The positive employees and any one who had contact with them have been quarantined for two weeks and will not be permitted back in the courthouse until they have tested negative,  he said. The county is also conducting contact tracing, he added.

This week, Brasher said that, while some nonessential operations, including some in-person hearings, have resumed, "We have reached a point where maybe things need to stay where they are for a while."

"We have done what we can to implement guidelines for reopening, to provide options," he added. "We need to not push past that point," especially because members of the legal community are beginning to express concerns about compelled court appearances.

"I have encouraged my colleagues and to good effect to always provide the option for folks who don't want to appear in person to be able to do that," he said. "Some things we are just not going to be able to do."

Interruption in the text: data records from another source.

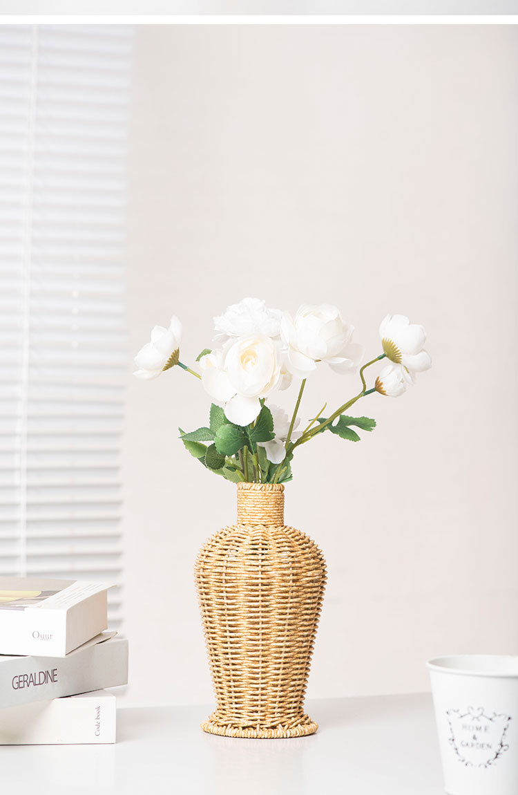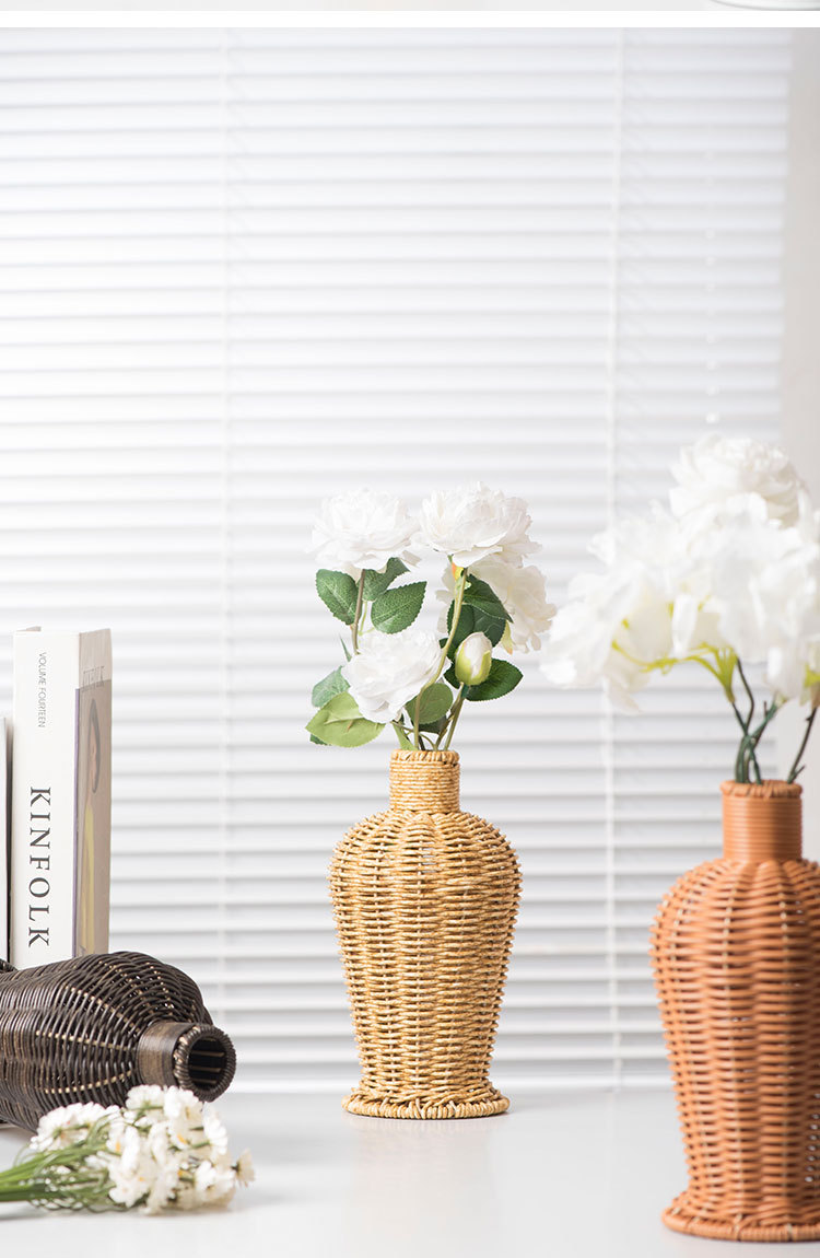 모조 등나무 짠 꽃병 거실 고급 말린 꽃병 장식품 데스크탑 홈 장식 꽃병 시뮬레이션 꽃 장식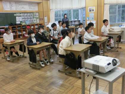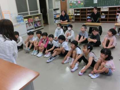 心配された天気の中、読み語りボランティア「ひまわり」さんにより読み語りを行いました。みんな真剣に聞き、笑う姿も見られました。ありがとうございました。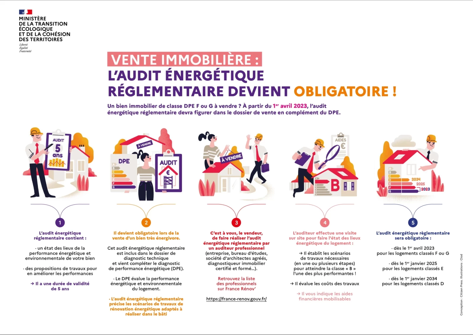 Un audit énergétique complémentaire doit obligatoirement être réalisé en complément de ce DPE et transmis à l’acheteur :
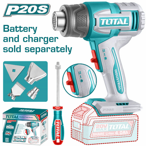 Ver todos los detallesPISTOLA CALOR INALAMBRICA 20V + 4 BOQUILLAS Y RASCADOR, BATERIA Y CARGADOR NO INCLUIDOS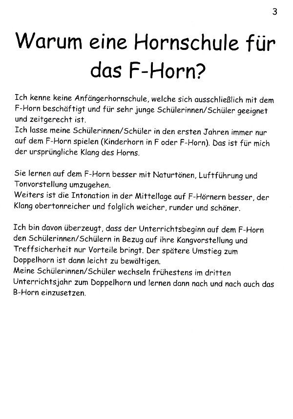 Manfred Messner, der Autor dieser Schule findet, wie viele andere Lehrer und Hornprofessoren übrigens auch, das Erlernen des Hornspiels auf dem reinen F-Horn viel effektiver als auf dem B-Horn.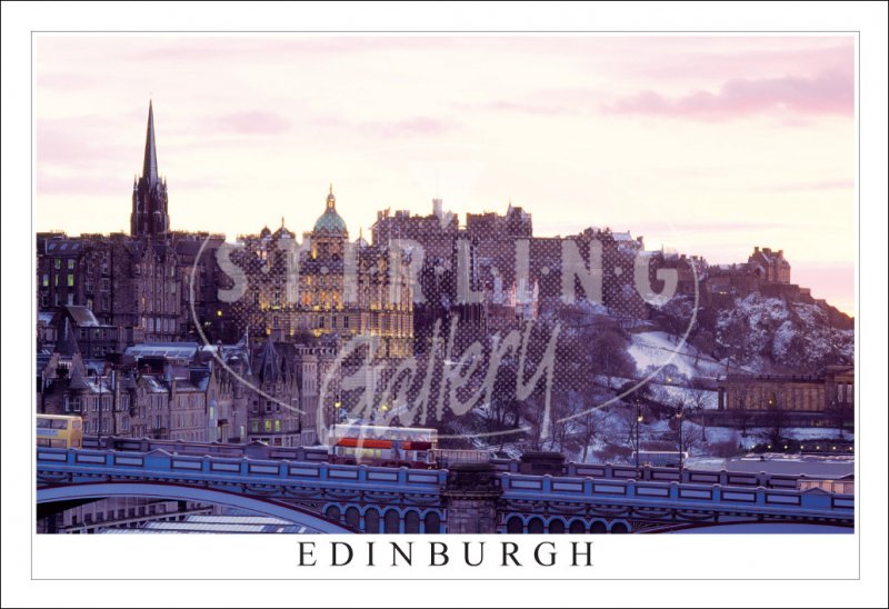 Edinburgh, City Skyline over Waverley Bridge Winter Postcard

The spate of new judicial orders closing courthouses that have been working to reinstate operations suspended since March comes as Georgia Supreme Court Justice Harold Melton prepares to extend a statewide judicial emergency for at least another month. At a meeting of the state Judicial Council on Monday, Melton warned that judges who were failing to abide by the conditions of his orders about pandemic operations or follow state health department mandates could face disciplinary action by the state judicial watchdog agency.